13"We shut ourselves up and write something grand—one in verse, one in prose—something that will take a vast amount of breath to pant out. This stuff you will some day read aloud to the public, having first lubricated your throat with an emollient wash; you will take your seat on a high chair, well combed, in a new white robe, and with a rakish leer in your eye, not forgetting a birthday sardonyx gem on your finger. Thereupon, as the thrilling strains make their way into the loins, and tickle the inward parts, you may see the burly sons of Rome,[1] quivering in no seemly fashion, and uttering no seemly words. What, you old reprobate? Do you cater for other people's wanton ears?—ears to which, however hardened your hide, you might fain cry 'hold, enough!'"
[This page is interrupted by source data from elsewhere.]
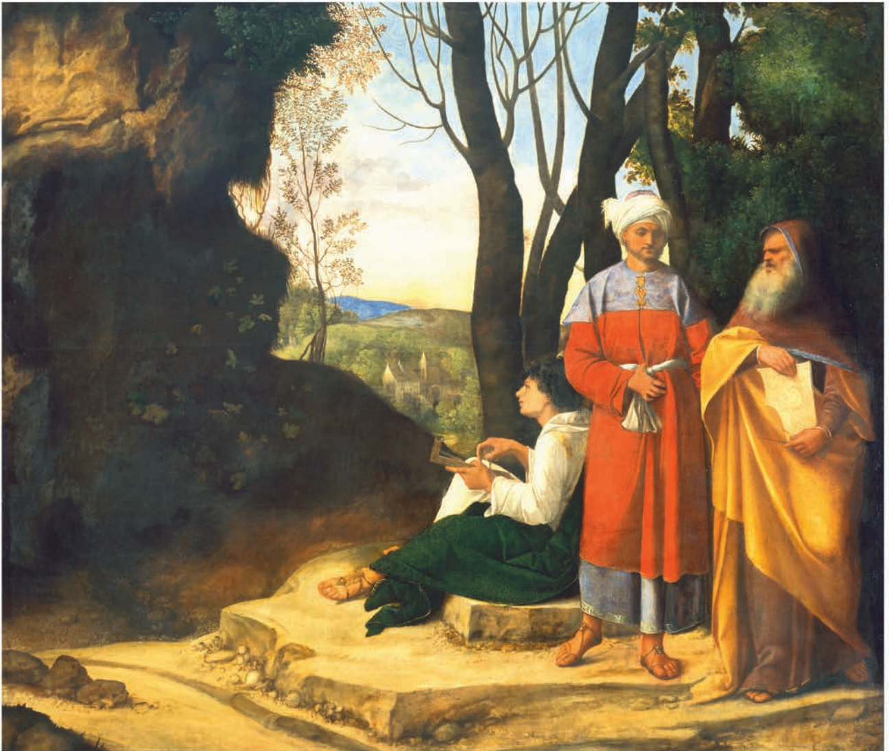
1. GIORGIONE (Giorgio Barbarelli dit), Les trois philosophes , 1505-1509, huile sur toile, 123 x 144 cm. Musée des Beaux-Arts et d'Archéologie, Vienne.
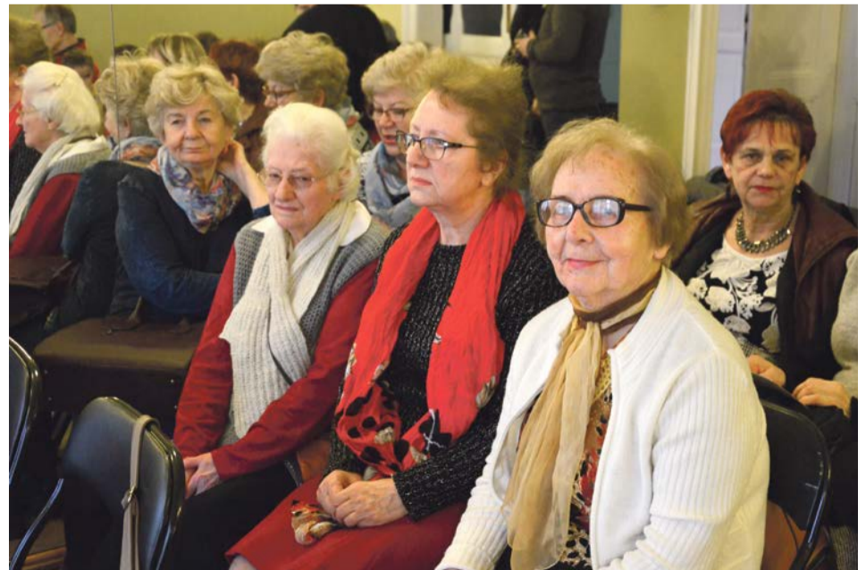
Patrzymy, słuchamy, oklaskujemy
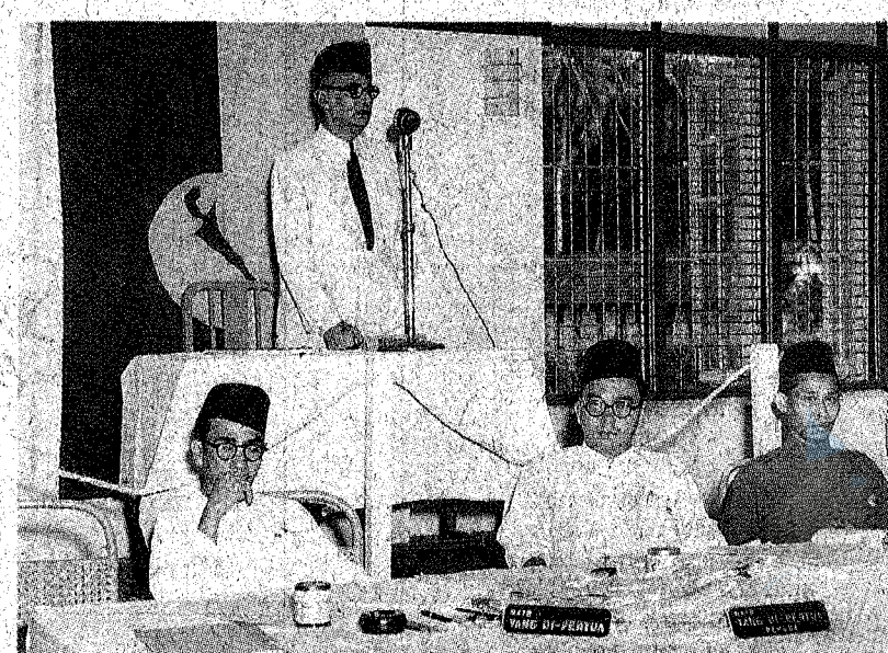
PENUH BERDEDIKASI: Datuk Onn bersemangat ketika berucap pada majlis Umno pada 1951.

F. "But what avail study and learning if the yeast, and the wild fig-tree[2] which has sprung up within, are never to break through the bosom and come forth? See our pallid cheeks and aged looks!"[3]

P. "Good heavens! Is all your knowledge to go so utterly for nothing unless other people know that you possess it?"

F. "O but it is a fine thing to have a finger pointed at one, and to hear people say, 'That's the man'! Would you yourself deem it of no account to have been conned as a task by a hundred curly-headed urchins?"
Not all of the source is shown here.